Tobias Lykkebak

Personal information
- Full name: Tobias Lykkebak
- Date of birth: 15 July 2006 (age 20)
- Place of birth: Vejle, Denmark
- Height: 1.77 m (5 ft 10 in)
- Positions: Midfielder; right winger;

Team information
- Current team: AB
- Number: 28

Youth career
- 0000–2016: Engum UI
- 2016–2025: Vejle

Senior career*
- Years: Team / Apps / (Gls)
- 2023–2026: Vejle / 1 / (0)
- 2026–: AB / 12 / (1)

= Tobias Lykkebak =

Danish footballer (born 2006)

Tobias Lykkebak (born 15 July 2006) is a Danish professional footballer who plays as a midfielder for Danish 2nd Division club AB.

==Career==
===Vejle Boldklub===
Born and raised in Engum, a neighborhood in Vejle, Lykkebak started his career at Engum UI before later, as a U10 player, moving to Vejle in 2016. Here, he worked his way up through the club's academy.

On November 1, 2023, 17-year-old Lykkebak made his official debut for Vejle when he came on from the bench in a Danish Cup match against AB. In October 2024, Lykkebak extended his contract with Vejle until June 2026.

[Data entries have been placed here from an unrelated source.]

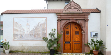 [6] Rheintor (1687) am Schwanenteich, erbaut durch Festungsbaumeister Jacques de Tarade zum Schutz der Rheinbrücke. Die Westfassade weist reichen Figurenschmuck auf;Rheintor-Museum
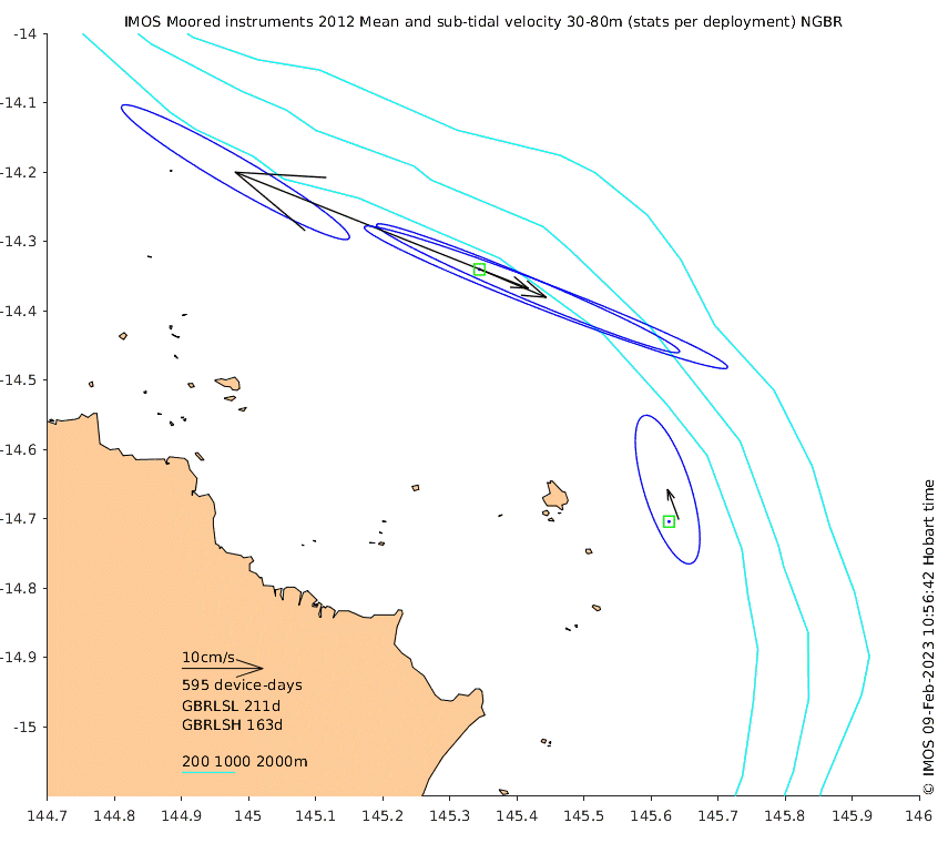 These maps show some basic analyses of the velocity data: mean and sub-tidal variance for several layers and time-windows, and tidal harmonics for the depth-average velocity using the whole record. Click through to see more detailed plots of the selected dataset or to download those data from the AODN thredds server.
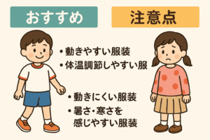 また、服に余分な装飾や長すぎるひもなどが付いていると、転倒やケガの原因になる可能性があります。シンプルかつ機能的なデザインを選ぶことが大切です。
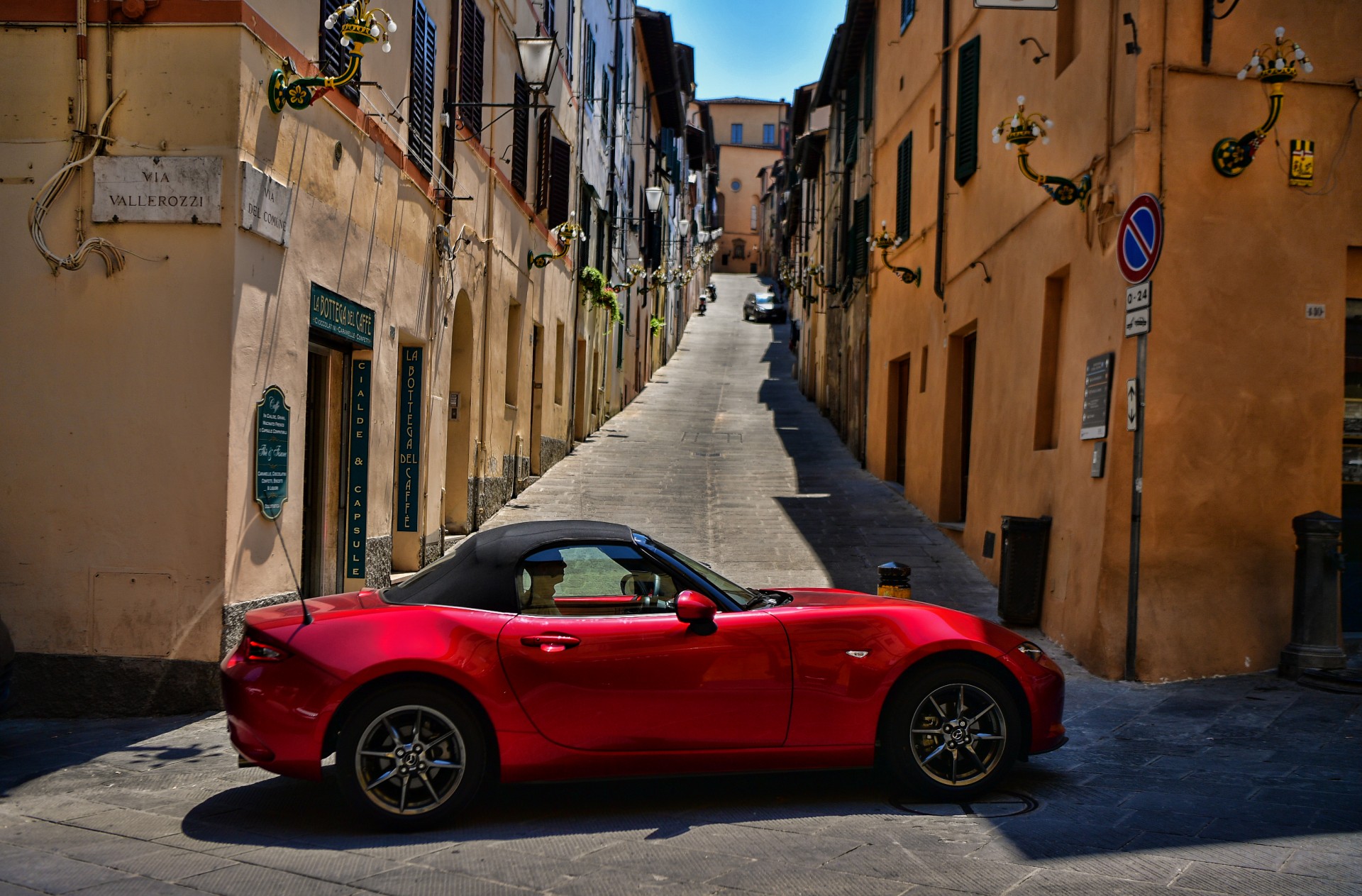Destino, dunque, che venti anni dopo quella fatale indecisione, sulla MX-5 mi ci sia trovato per vivere una storia eccezionale. Emozionato e stupito che nel baule ci fosse sufficiente posto per stipare un doppio bagaglio necessario a trascorrere cinque giorni fuori casa.Come ogni prima volta, anche il “mio” Palio meritava una compagna d’eccezione e la MX-5 mi sembrava dunque una scelta pertinente e non solo per il passato che ci legava. Anche lei con una lunga storia alle spalle, colorata come le casacche dei fantini, slanciata e muscolosa come un cavallo. E poi, proprio come i mezzosangue da Palio che si cavalcano “a pelo”, senza sella, la MX-5 si guida aperta, con la testa che tocca il cielo.1.5 LITRI POSSONO BASTARE

Ahead of the 2025–26 season, Lykkebak was permanently promoted to the first-team squad. On 20 July 2025, in Vejle's first match of the Danish Superliga season, Lykkebak made his official league debut when he replaced Mike Vestergård in the 80th minute in a game against Randers FC.

===AB===
On 1 February 2026, Lykkebak signed with Danish 2nd Division club AB on a contract running until June 2028.